Experts urge entities to gear up for new privacy and security rules
With new Omnibus federal privacy and security rules effective March 26 with an upcoming compliance date of Sept. 23, two privacy experts urged covered entities to build an action plan and design an implementation timeline to ensure they are prepared.
“It adds a great deal of complexity to privacy management,’ said Michael Ebert, partner at KPMG, during the March 25 KPMG Healthcare & Life Sciences Institute Webcast.
The new rules, which amend HIPAA pursuant to the American Recovery and Reinvestment Act of 2009, govern privacy and security, and include enhanced legal liability to business associates (BAs) of healthcare providers and greater patient control over disclosure of their records.
Ebert and Jutta Williams, director of corporate compliance in the privacy office at Intermountain Healthcare, advised covered entities to take the following actions:
- Map and flow protected health information (PHI) movement within the organization, as well as flows to and from all third parties
- Perform data discovery to locate all PHI
- Establish effective technical safeguards over PHI, including encryption, access management and restrictions for required use only
- Develop a third party risk management program
- Review vendor contracts and update BA agreements
Of particular importance in the security and privacy Omnibus bill are new breach notification rules that will “dynamically impact the industry,” Ebert said. Unlike before when reporting was required only for breaches with significant risks of reputations, financial and other harm, the new rule requires reporting of all disclosures unless it can demonstrate a low risk of harm using a risk analysis, he said.
“This is a much lower threshold,” Ebert said. “It’s a tough element to prove.”
What constitutes a BA and its responsibility to protect and secure patient information also is elevated in the new rules. Ebert said all BAs should implement a privacy and security program, like covered entities have done in the past with HIPAA.
More activity around de-identification and partial de-identification of PHI also is forthcoming. “That’s a big change to look for from both the covered entity and business associate side,” Ebert said.
Williams noted that an entity must be careful when de-identifying information, as under the rules a BA can’t have an ability to put the information back together to avoid potential that they are using it for commercial benefit.
Other new requirements of the omnibus include:
- Renewed emphasis on training programs
- Understanding and applying all of the new opt-out and rights to restrict use of PHI provisions for fund raising, marketing, research and disclosure of PHI to Health Plans
- Request for medical records by an individual in any form they choose
- Presumption by OCR that your existing systems and processes can support the above as well as other requirements for permitted uses and disclosures
- Multi-opt ins/outs will require a different presentation of your Notice of Privacy Practices, including greater effort to communicate individual rights to a patient
Enforcement of the rules by the Department of Health and Human Services Office of Civil Rights is not expected to be lax. Ebert noted that the new director of the OCR, Leon Rodriguez, formerly served in the Department of Justice’s Civil Rights Division.
“He has a strong enforcement record,” Ebert said, citing an uptick in complaints over the past 10 years. He said since 2003, there have been 27,500 breaches under investigation and 18,600 corrective actions taken.

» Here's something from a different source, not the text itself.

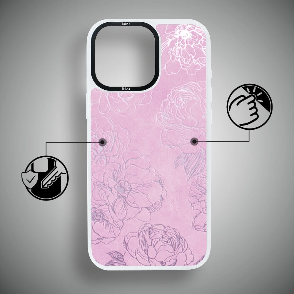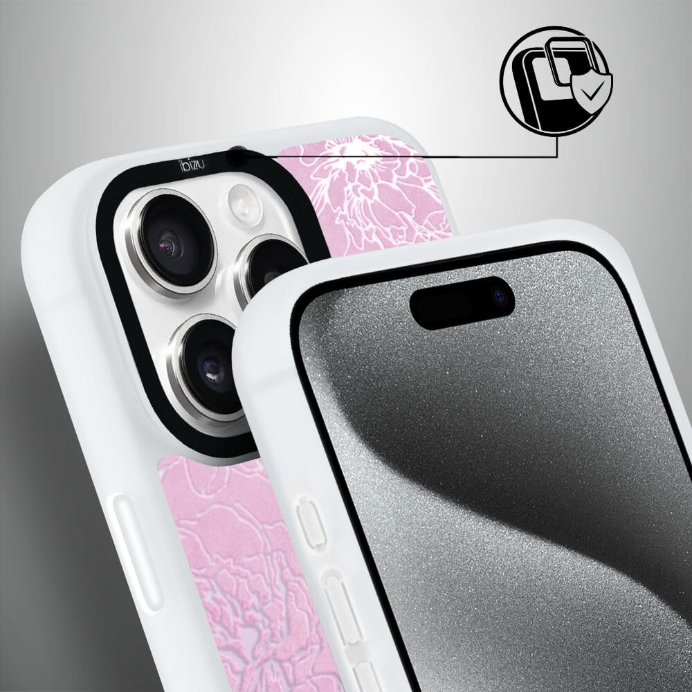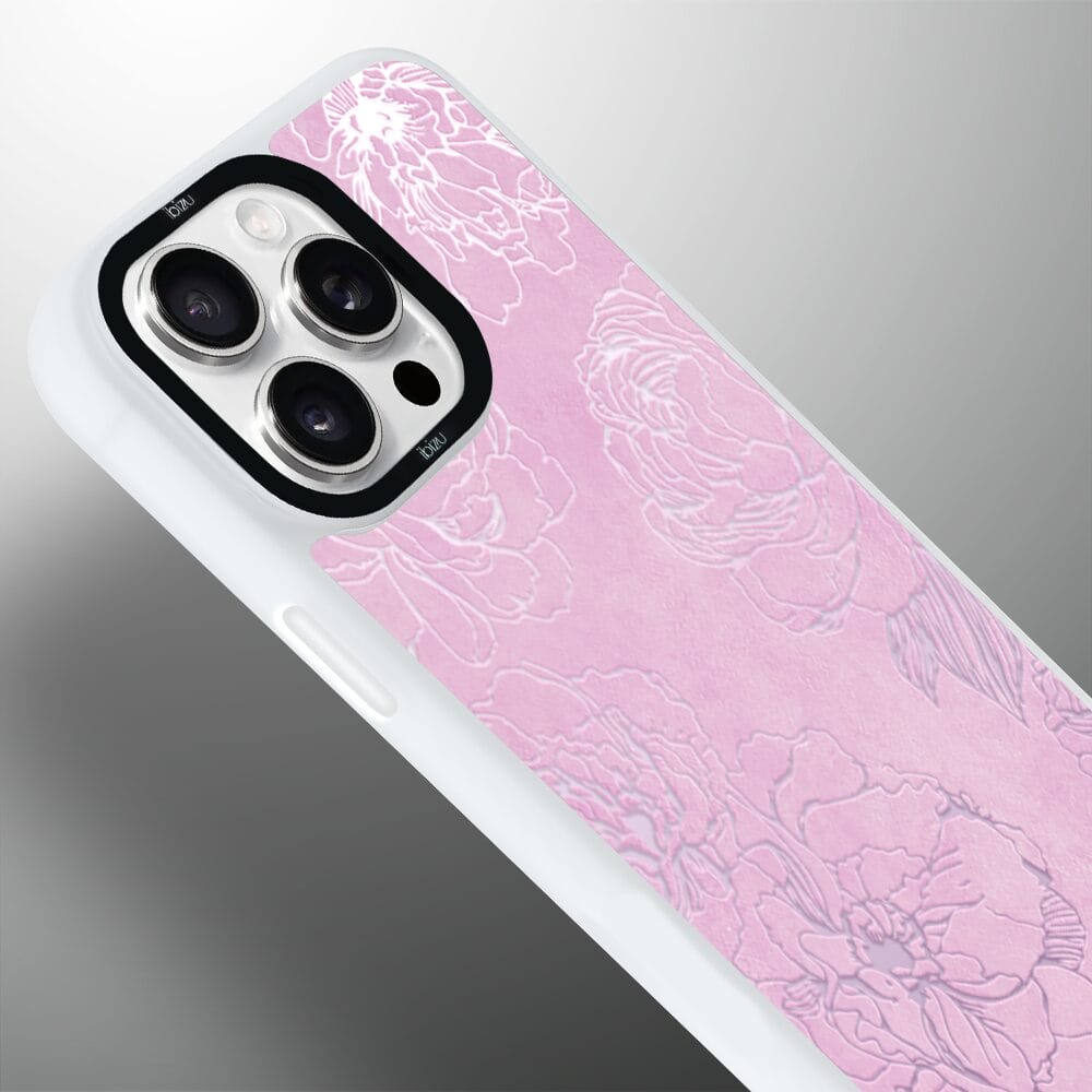 Etui do iPhone 15 Pro IBIZU DropGuard Matt z MagSafe, Relief Garden, Różowe piwonie, białe

Also, civil monetary penalties and resolution agreements have amounted to $14.9 million since 2008.
As part of his presentation, Ebert shared a preliminary analysis of HIPAA audits that show much work needs to be done to get covered entities up to speed on privacy and security. For example, he said 39 percent of entities audited said they were unaware of HIPAA privacy requirements and 27 percent said they were unaware of security requirements.
Williams stressed that after Sept. 23, “ignorance is not a defense of the law.” She said covered entities must identify risks in gap areas and document plans to address them.
“If you have identified your risks in gap areas, you are more defensible than if you haven’t documented anything,” she said, noting that the agency’s Office of Inspector General will conduct onsite audits as part of evaluating whether an entity has earned incentives as part of Meaningful Use. “It’s important for OIG and OCR,” she said.
To that end, Williams urged those charged with privacy in covered entities to drive home the importance of sturdy privacy and security practices to leadership to avoid penalties down the line.